Task item: Of the entries below, restate word for word only the section that runs from the line with "이런 현실에서 광주과학기술원(GIST)이" to the line with "Nyilvános 1119 |", counting both ends.

Information:
--- START ---

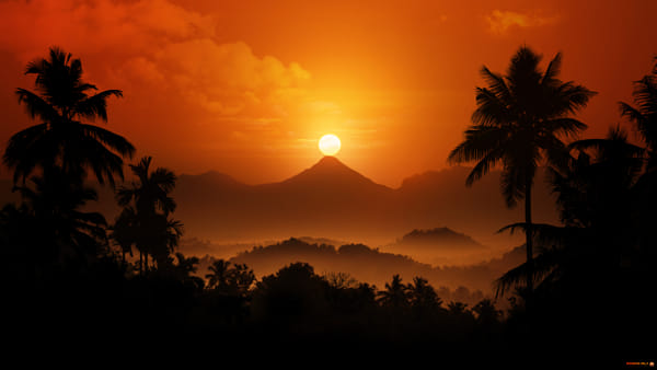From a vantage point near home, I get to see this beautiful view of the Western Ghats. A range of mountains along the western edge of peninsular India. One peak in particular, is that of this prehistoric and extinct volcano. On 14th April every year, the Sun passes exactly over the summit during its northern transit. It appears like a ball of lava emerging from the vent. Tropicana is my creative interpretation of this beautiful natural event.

--- END ---
--- START ---

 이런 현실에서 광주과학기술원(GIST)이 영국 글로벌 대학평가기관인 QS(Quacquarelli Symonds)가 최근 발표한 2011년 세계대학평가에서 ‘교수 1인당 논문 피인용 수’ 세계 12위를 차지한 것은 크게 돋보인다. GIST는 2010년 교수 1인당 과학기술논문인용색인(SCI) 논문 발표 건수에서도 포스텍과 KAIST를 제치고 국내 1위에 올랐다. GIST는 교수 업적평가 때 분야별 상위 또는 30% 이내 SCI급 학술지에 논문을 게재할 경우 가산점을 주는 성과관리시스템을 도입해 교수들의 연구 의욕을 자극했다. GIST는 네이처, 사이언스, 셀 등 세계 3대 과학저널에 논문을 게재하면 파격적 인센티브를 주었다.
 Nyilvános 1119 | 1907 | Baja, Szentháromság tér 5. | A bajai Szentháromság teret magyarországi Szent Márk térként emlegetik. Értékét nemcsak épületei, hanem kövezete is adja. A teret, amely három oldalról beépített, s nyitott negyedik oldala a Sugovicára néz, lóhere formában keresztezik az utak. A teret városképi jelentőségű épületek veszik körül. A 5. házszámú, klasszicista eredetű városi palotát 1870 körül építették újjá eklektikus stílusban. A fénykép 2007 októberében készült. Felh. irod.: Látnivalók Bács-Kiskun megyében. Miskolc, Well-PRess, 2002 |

--- END ---
--- START ---

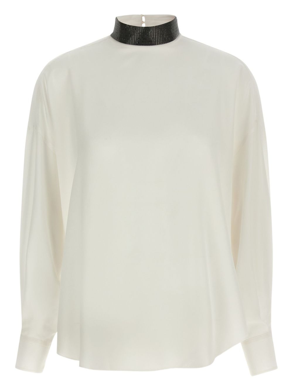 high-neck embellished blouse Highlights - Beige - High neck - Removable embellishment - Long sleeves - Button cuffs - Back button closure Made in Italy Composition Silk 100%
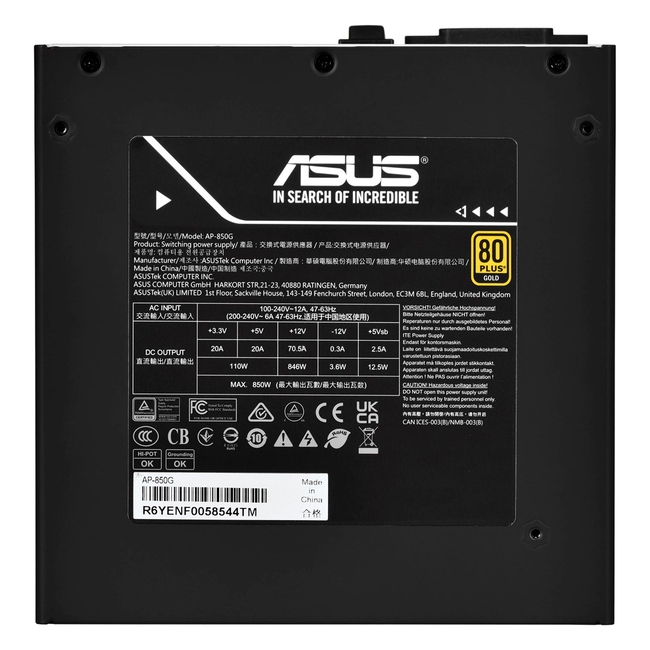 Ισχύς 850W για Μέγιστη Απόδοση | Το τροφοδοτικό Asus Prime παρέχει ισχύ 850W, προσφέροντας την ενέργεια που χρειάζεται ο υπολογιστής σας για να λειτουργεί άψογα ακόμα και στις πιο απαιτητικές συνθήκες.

--- END ---

Response area:
 이런 현실에서 광주과학기술원(GIST)이 영국 글로벌 대학평가기관인 QS(Quacquarelli Symonds)가 최근 발표한 2011년 세계대학평가에서 ‘교수 1인당 논문 피인용 수’ 세계 12위를 차지한 것은 크게 돋보인다. GIST는 2010년 교수 1인당 과학기술논문인용색인(SCI) 논문 발표 건수에서도 포스텍과 KAIST를 제치고 국내 1위에 올랐다. GIST는 교수 업적평가 때 분야별 상위 또는 30% 이내 SCI급 학술지에 논문을 게재할 경우 가산점을 주는 성과관리시스템을 도입해 교수들의 연구 의욕을 자극했다. GIST는 네이처, 사이언스, 셀 등 세계 3대 과학저널에 논문을 게재하면 파격적 인센티브를 주었다.
 Nyilvános 1119 | 1907 | Baja, Szentháromság tér 5. | A bajai Szentháromság teret magyarországi Szent Márk térként emlegetik. Értékét nemcsak épületei, hanem kövezete is adja. A teret, amely három oldalról beépített, s nyitott negyedik oldala a Sugovicára néz, lóhere formában keresztezik az utak. A teret városképi jelentőségű épületek veszik körül. A 5. házszámú, klasszicista eredetű városi palotát 1870 körül építették újjá eklektikus stílusban. A fénykép 2007 októberében készült. Felh. irod.: Látnivalók Bács-Kiskun megyében. Miskolc, Well-PRess, 2002 |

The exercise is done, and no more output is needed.